Палеонтологическая летопись — это вереница могил. Она ничего не может рассказать о мире, где не было смерти. Например, если археолог находит в четвертичных породах зуб древнего человека или каменное рубило для разделки мяса — разве эта находка нам говорит что-либо о существе, которое не имело нужды ни в зубах, ни в рубиле, поскольку не нуждалось в пище? А именно таким, по мнению восточнохристианской традиции, Бог сотворил человека. Или, допустим, судя по молекулярным данным, обмен генами между предками Homo sapiens и предками шимпанзе прекратился около 10 миллионов лет назад. Но какое отношение это имеет к существам, которые не были вовлечены в половое размножение и потому ни с кем не обменивались генами? И тогда как можно в словах «и создал Господь Бог человека из праха земного» (Быт. 2:7) видеть указание на происхождение нашего вида от низших животных, если речь здесь идет о совершенно ином — равноангельском — состоянии бытия?

Если предположить, что человек появляется на «экране радара» науки только в падшем состоянии, то рассуждать о его сотворении, взывая к археологии или генетике, — все равно что искать ангелов с помощью радиолокатора. Когда мы первый раз встречаемся с самими собой на страницах книги природы? Отмотаем время на 300 тысяч лет назад. Вот мы видим первых анатомически современных людей. Вот они копаются в туше какой-то протухшей антилопы, вот они нянчат у костра новорожденного, вот кто-то из них стал добычей льва. Эти грязные полуголые создания меньше всего похожи на «земных ангелов» с телом, свободным от тления. Скорее уж перед нами жалкие изгнанники из рая.

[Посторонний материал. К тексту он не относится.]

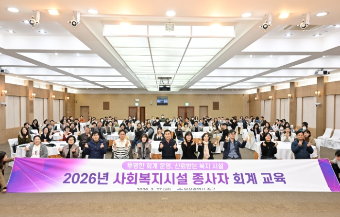 [파이낸셜경제=김예빈 기자] 울산 중구는 3월 27일 오후 4시 중구청 대회의실에서 사회복지시설 종사자 130여 명을 대상으로 2026년 회계 교육을 실시했다.
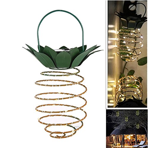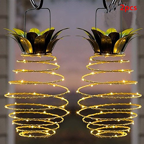 RaiFu ソーラーライト 2点セット パイナップル ライト 防水 伸縮式 銅線ワイヤーライト 玄関前/道/芝生/庭/公園/防犯照明用 雰囲気作り 屋外用
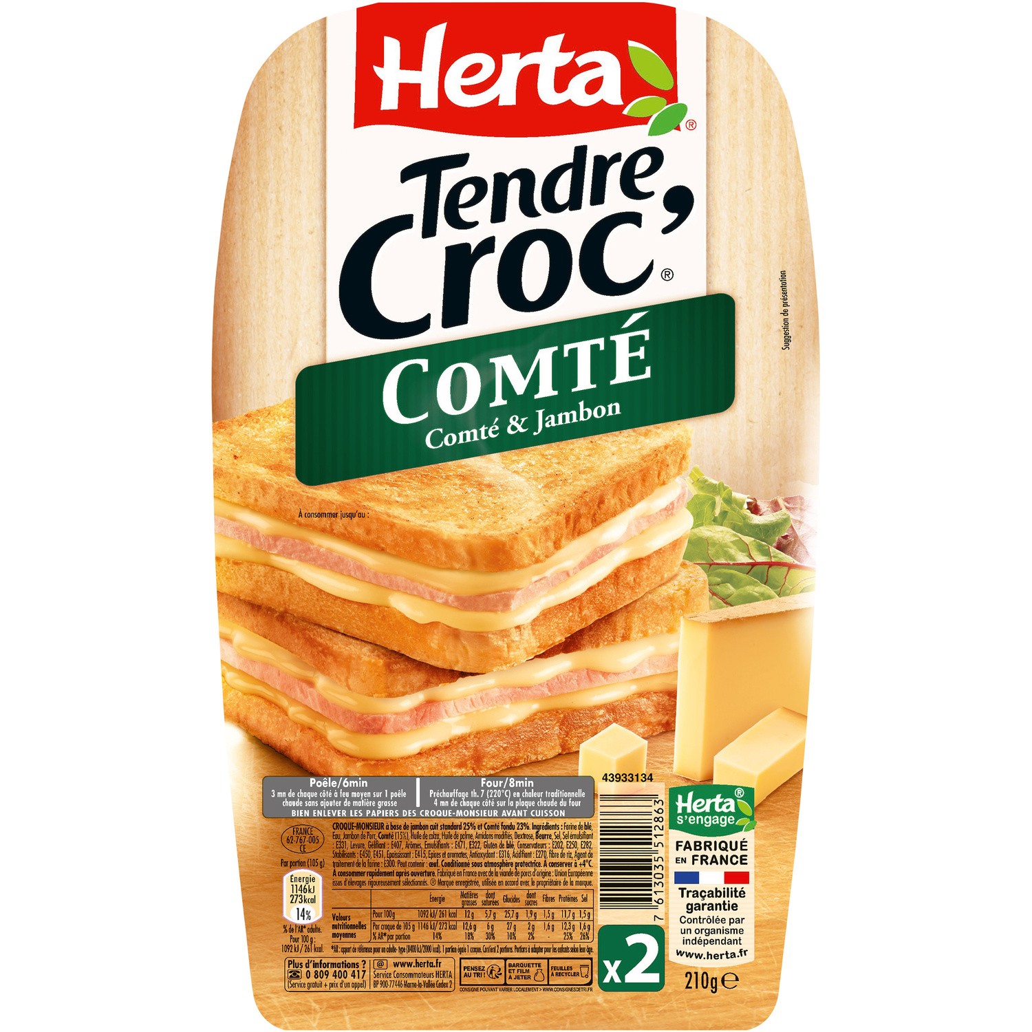 Croque monsieur. Ingrédients : Farine de _blé_, eau, jambon de porc, _comté_ 16%, huile de colza, _beurre_, huile de palme, amidons modifiés, dextrose, sel, sels...
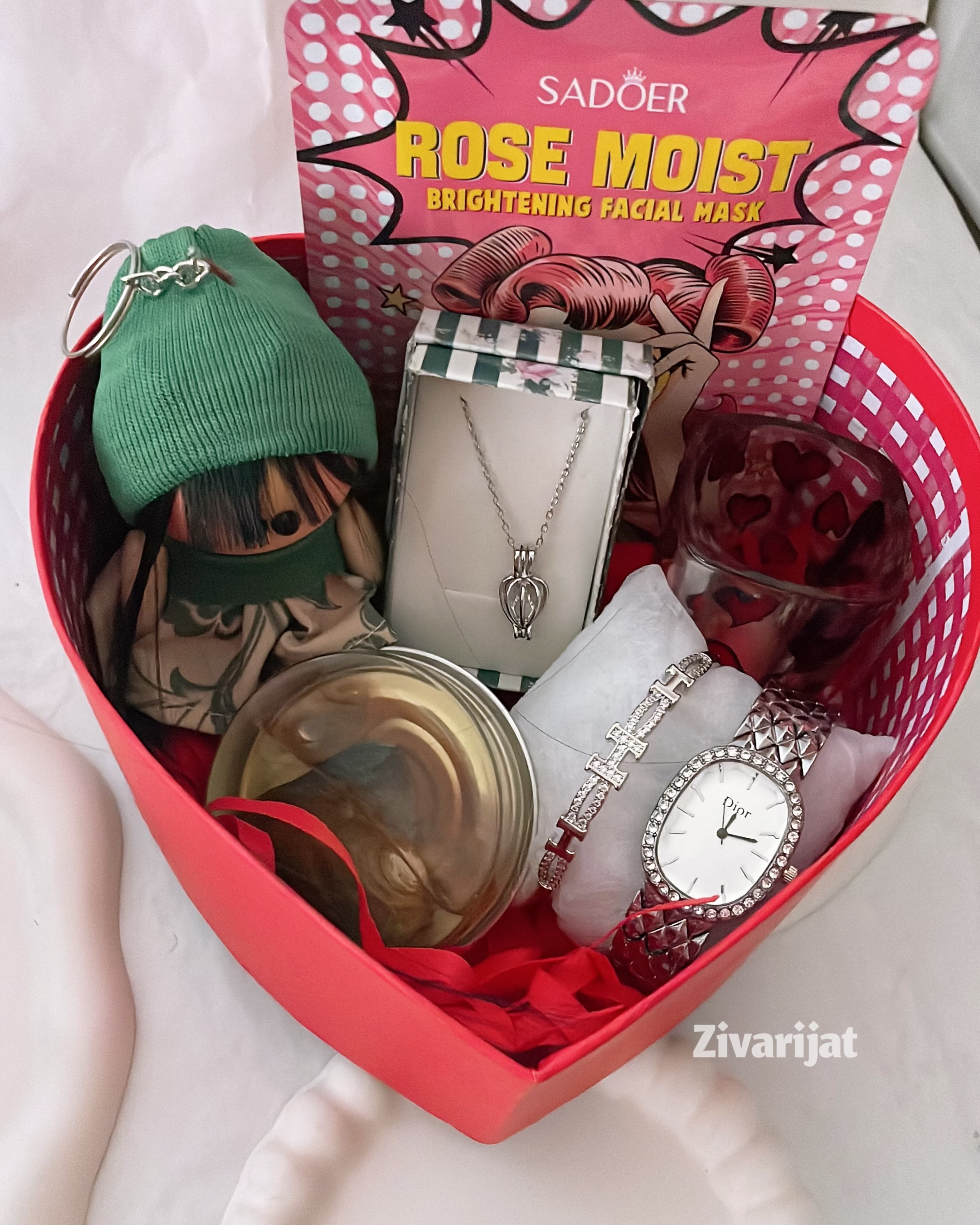 هارد باکس قلبی در دار شامل گردنبند مروارید عشق و ماسک صورت و عروسک آویزی و ساعت و بنگل استیل رنگ ثابت و
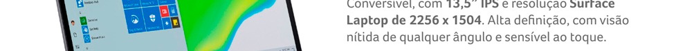 Tela: 13.5” IPS (In-Plane Switching) Suporte a Multi Touch* Resolução Surface Laptop: S.L (2256 x 1504) Design: Ultra fino Anti-reflexo Solução AES (Acer Active Pen) Interface: eDP Proporção: 3:2 Ângulo de visão de 170° graus Acer CineCrystalTM Mercury fre
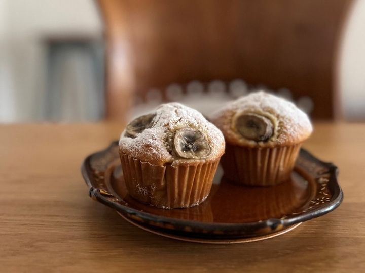 奥はプレーンなバナナマフィン。バナナをスライスしてのせてもかわいい。手前はベリーをのせたもの。最後に粉糖を少しふってもOK
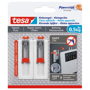 Tesa klevende spijker kleine apparaten voor behang en pleisterwerk verstelbaar wit 0,5 kg 2 stuks
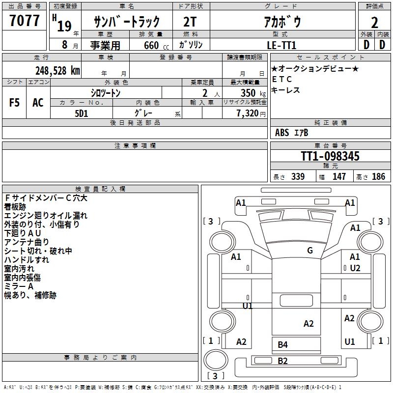 SUBARU SAMBAR TRUCK - лот 7077
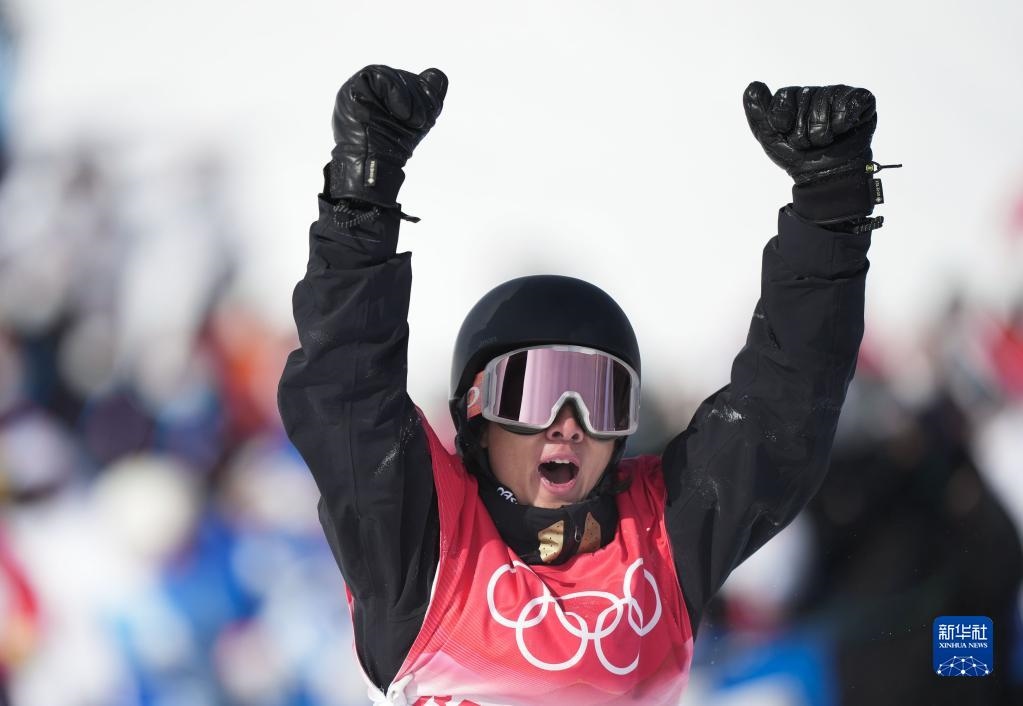 2月7日,中國(guó)選手蘇翊鳴在比賽后慶祝。
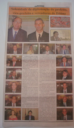 Numa demonstração incabível de desrespeito ético e de direito autoral, o jornal “Notícias de Ibiúna” (edição de 3 de outubro a 20 de dezembro) publicou – sem consultar, sem pedir autorização, sem creditar a fonte – nada menos do que dezoito fotos e o texto integral da cobertura da diplomação do prefeito, vice-prefeito e de quinze vereadores, elaborados e veiculados na revista vitrine online no dia 18 de dezembro.
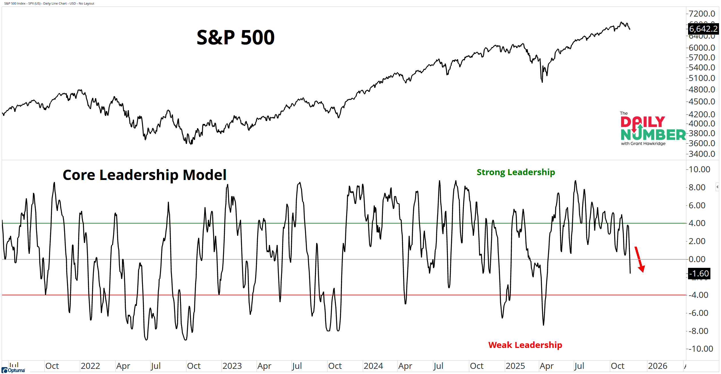 My Core Leadership Model, the composite that blends short, intermediate, and long-term breadth, has slipped back under zero and is moving toward the weak leadership zone.
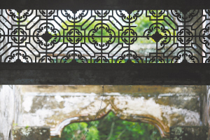 将南洋风格与本地建筑元素相结合是海南华侨建筑的普遍特点,符家宅中的海南人文元素更是随处可见。除了结构设计外,木雕、石雕、灰塑、浮雕、阴雕、镂空等中式传统工艺在松树大屋里的细节处彰显无遗。兽首傲然雄踞在檐头,一朵莲花浅浅地雕在拱形窗框上方,只剩下一半的木窗上镂雕的松树与蝙蝠还清晰可见,墙头与墙角的彩绘灰塑与青苔夹缠在一起,墙头几何线条组合方式,带着岭南建筑的风格,收敛贵气,简约明快。

Человек, возникший в ходе эволюции, — это плоть от плоти и кровь от крови животных. Он, как одеяло в стиле пэчворк, сшит из множества лоскутков, позаимствованных у других организмов. Гены, отвечающие за внутриклеточный метаболизм, достались нам от бактерий. Слуховые косточки в нашем среднем ухе — это остатки жаберной дуги какой-то рыбы из числа наших предков. За развитое цветовое зрение мы должны поблагодарить обезьян, которым оно понадобилось для поиска фруктов под пологом тропического леса. Всеми органами нашего тела, всеми особенностями своей физиологии мы теснейшим образом связаны с остальным животным миром. Но святоотеческая традиция не расценивает это как нечто нормальное — она видит в вовлеченности человека в жизнь животных следствие грехопадения.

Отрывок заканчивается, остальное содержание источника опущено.